_Your objective_
Return, word for word, every entry in the listing below, but not its images.

*** Opening of Data in this exercise ***

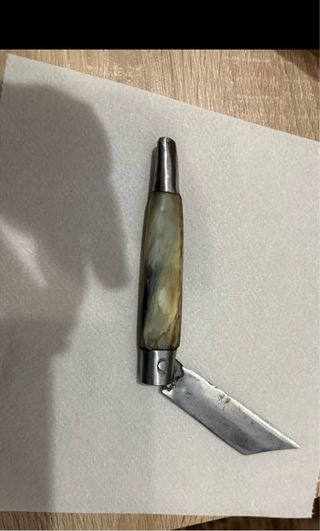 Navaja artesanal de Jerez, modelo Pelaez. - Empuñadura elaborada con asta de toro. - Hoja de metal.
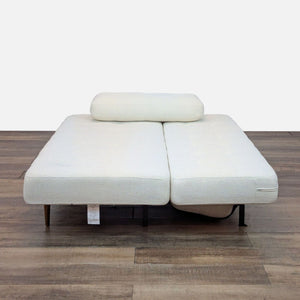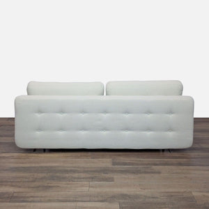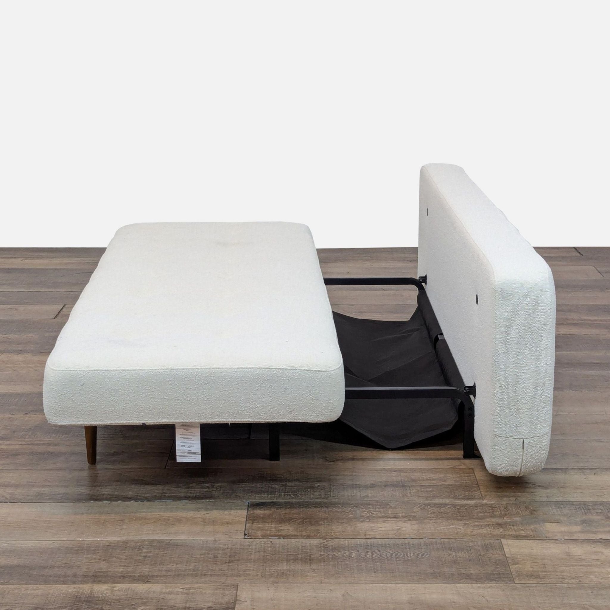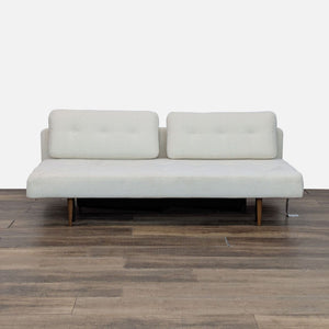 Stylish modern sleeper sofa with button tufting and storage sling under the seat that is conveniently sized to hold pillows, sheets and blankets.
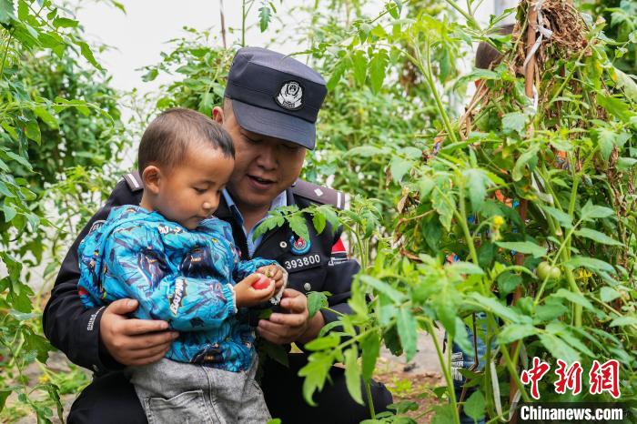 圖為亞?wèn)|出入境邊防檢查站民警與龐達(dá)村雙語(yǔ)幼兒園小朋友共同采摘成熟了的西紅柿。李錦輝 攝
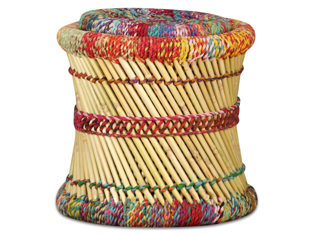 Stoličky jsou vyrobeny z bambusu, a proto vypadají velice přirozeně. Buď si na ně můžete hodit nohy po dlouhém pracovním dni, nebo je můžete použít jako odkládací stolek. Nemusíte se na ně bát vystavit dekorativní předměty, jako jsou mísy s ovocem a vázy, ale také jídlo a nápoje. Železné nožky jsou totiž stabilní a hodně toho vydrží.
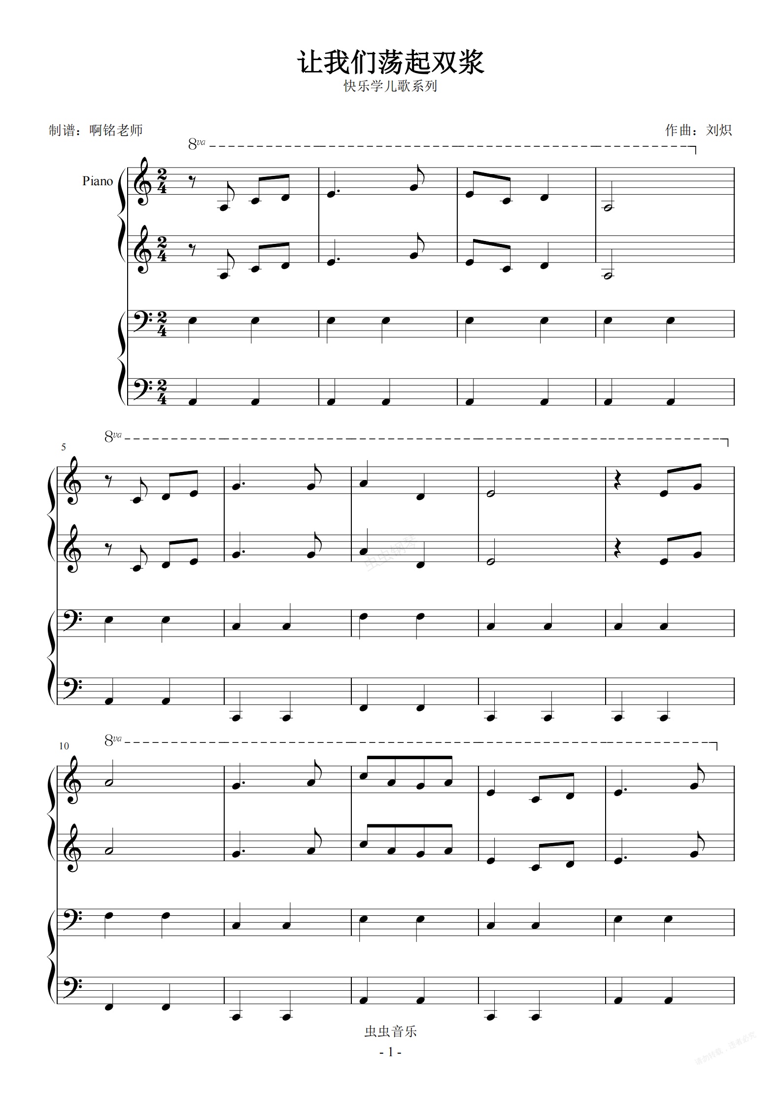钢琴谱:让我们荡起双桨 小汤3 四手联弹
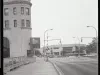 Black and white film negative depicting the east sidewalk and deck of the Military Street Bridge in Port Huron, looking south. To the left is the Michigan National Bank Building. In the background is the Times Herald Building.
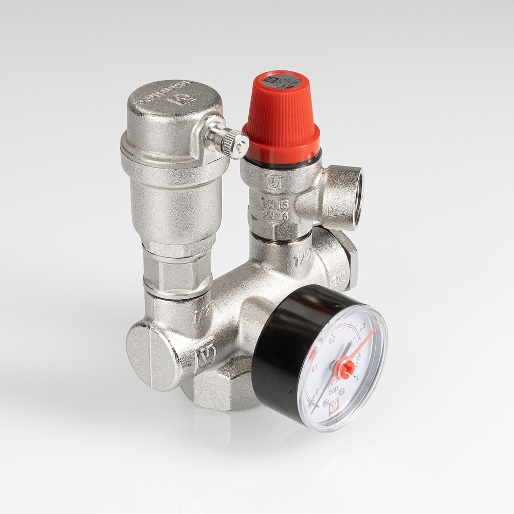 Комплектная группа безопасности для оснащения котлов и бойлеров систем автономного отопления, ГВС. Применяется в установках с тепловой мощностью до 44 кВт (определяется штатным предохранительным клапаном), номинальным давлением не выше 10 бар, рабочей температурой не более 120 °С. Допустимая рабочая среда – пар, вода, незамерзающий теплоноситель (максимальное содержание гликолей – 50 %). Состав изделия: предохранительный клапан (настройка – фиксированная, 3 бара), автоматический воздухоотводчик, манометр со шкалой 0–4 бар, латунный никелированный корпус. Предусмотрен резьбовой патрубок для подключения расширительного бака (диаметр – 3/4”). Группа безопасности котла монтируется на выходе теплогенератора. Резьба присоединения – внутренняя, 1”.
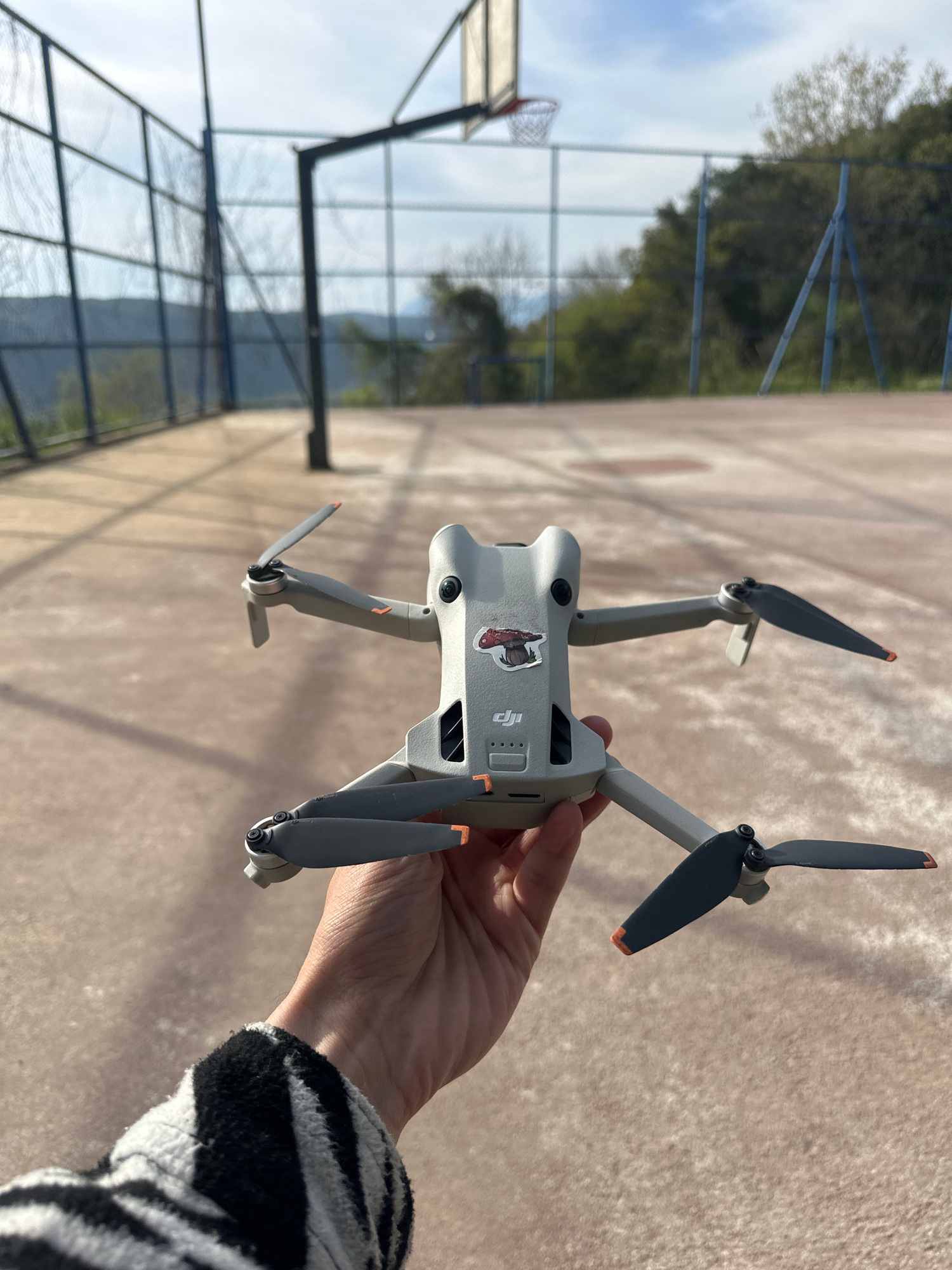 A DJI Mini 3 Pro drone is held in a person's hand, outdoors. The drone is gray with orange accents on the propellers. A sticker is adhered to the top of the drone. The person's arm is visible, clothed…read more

*** Close of Data in this exercise ***

_Answer section_
 Navaja artesanal de Jerez, modelo Pelaez. - Empuñadura elaborada con asta de toro. - Hoja de metal.
 Stylish modern sleeper sofa with button tufting and storage sling under the seat that is conveniently sized to hold pillows, sheets and blankets.
 圖為亞?wèn)|出入境邊防檢查站民警與龐達(dá)村雙語(yǔ)幼兒園小朋友共同采摘成熟了的西紅柿。李錦輝 攝
 Stoličky jsou vyrobeny z bambusu, a proto vypadají velice přirozeně. Buď si na ně můžete hodit nohy po dlouhém pracovním dni, nebo je můžete použít jako odkládací stolek. Nemusíte se na ně bát vystavit dekorativní předměty, jako jsou mísy s ovocem a vázy, ale také jídlo a nápoje. Železné nožky jsou totiž stabilní a hodně toho vydrží.
钢琴谱:让我们荡起双桨 小汤3 四手联弹
 Black and white film negative depicting the east sidewalk and deck of the Military Street Bridge in Port Huron, looking south. To the left is the Michigan National Bank Building. In the background is the Times Herald Building.
 Комплектная группа безопасности для оснащения котлов и бойлеров систем автономного отопления, ГВС. Применяется в установках с тепловой мощностью до 44 кВт (определяется штатным предохранительным клапаном), номинальным давлением не выше 10 бар, рабочей температурой не более 120 °С. Допустимая рабочая среда – пар, вода, незамерзающий теплоноситель (максимальное содержание гликолей – 50 %). Состав изделия: предохранительный клапан (настройка – фиксированная, 3 бара), автоматический воздухоотводчик, манометр со шкалой 0–4 бар, латунный никелированный корпус. Предусмотрен резьбовой патрубок для подключения расширительного бака (диаметр – 3/4”). Группа безопасности котла монтируется на выходе теплогенератора. Резьба присоединения – внутренняя, 1”.
 A DJI Mini 3 Pro drone is held in a person's hand, outdoors. The drone is gray with orange accents on the propellers. A sticker is adhered to the top of the drone. The person's arm is visible, clothed…read more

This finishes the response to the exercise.